Circular dichroism spectroscopy at increasing temperatures can track unfolding transitions and changes in secondary structure elements. Activity assays (once a function is identified) at different temperatures can establish an optimal temperature range for function and determine the temperature at which activity is lost. Comparative analysis with homologous proteins from mesophilic organisms can identify sequence features associated with thermostability, such as increased proportion of charged residues, disulfide bonds, or decreased loop regions. Molecular dynamics simulations can provide theoretical insights into structural flexibility and stability at elevated temperatures. For all thermal stability analyses, it's critical to design a systematic test matrix varying temperature, pH, and buffer components to fully characterize the protein's behavior across different conditions.

How can contradictory results in MTH_1706 research be reconciled and analyzed?

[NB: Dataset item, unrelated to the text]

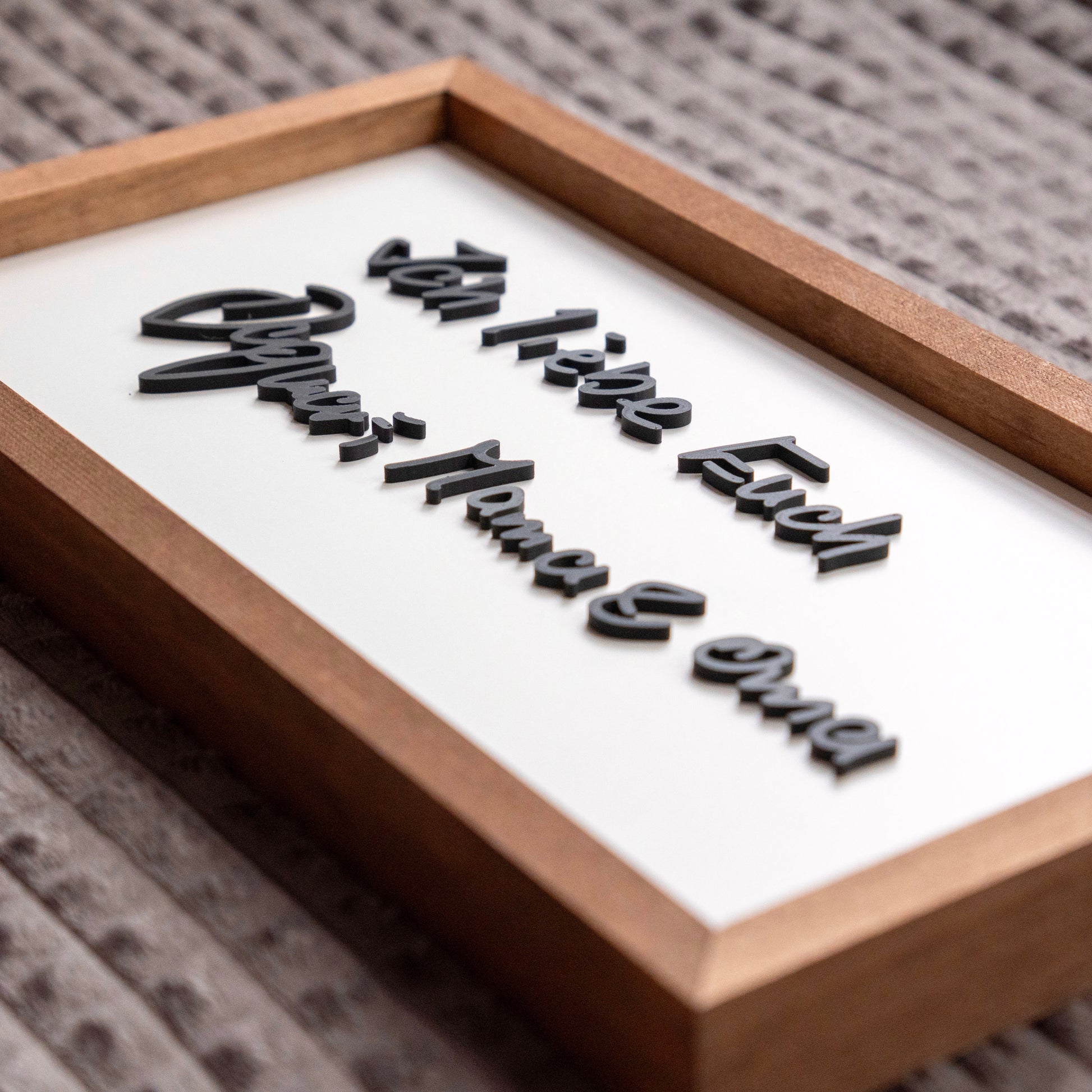 Der Bilderrahmen hat ein Außenmaß zwischen 15x33cm bis 24x29cm, je nachdem was besser zu dem Text passt. Maximal können 6 Wörter in dem Rahmen platziert werden.

Reconciling contradictory results is a common challenge in research with uncharacterized proteins like MTH_1706. When faced with conflicting data, begin with careful evaluation of methodological differences between studies. Variations in protein preparation methods, buffer compositions, or assay conditions can significantly impact results. Create a comparative table highlighting methodological differences between contradictory studies:

Consider whether the recombinant protein construction differs between studies—for example, different tag positions or lengths might affect protein behavior. For an uncharacterized protein, apparent contradictions might actually reflect multiple functions or context-dependent behavior. Conduct replication studies that systematically vary conditions identified as potential sources of discrepancy. Collaborative cross-validation between research groups can help identify subtle methodological differences not apparent from published protocols. Meta-analysis approaches may help integrate contradictory findings into a more comprehensive model. Statistical analysis of contradictory results should consider sample sizes, statistical power, and effect sizes to determine the reliability of each finding. Following experimental design best practices , design confirmation experiments that specifically address the contradictions with appropriate controls.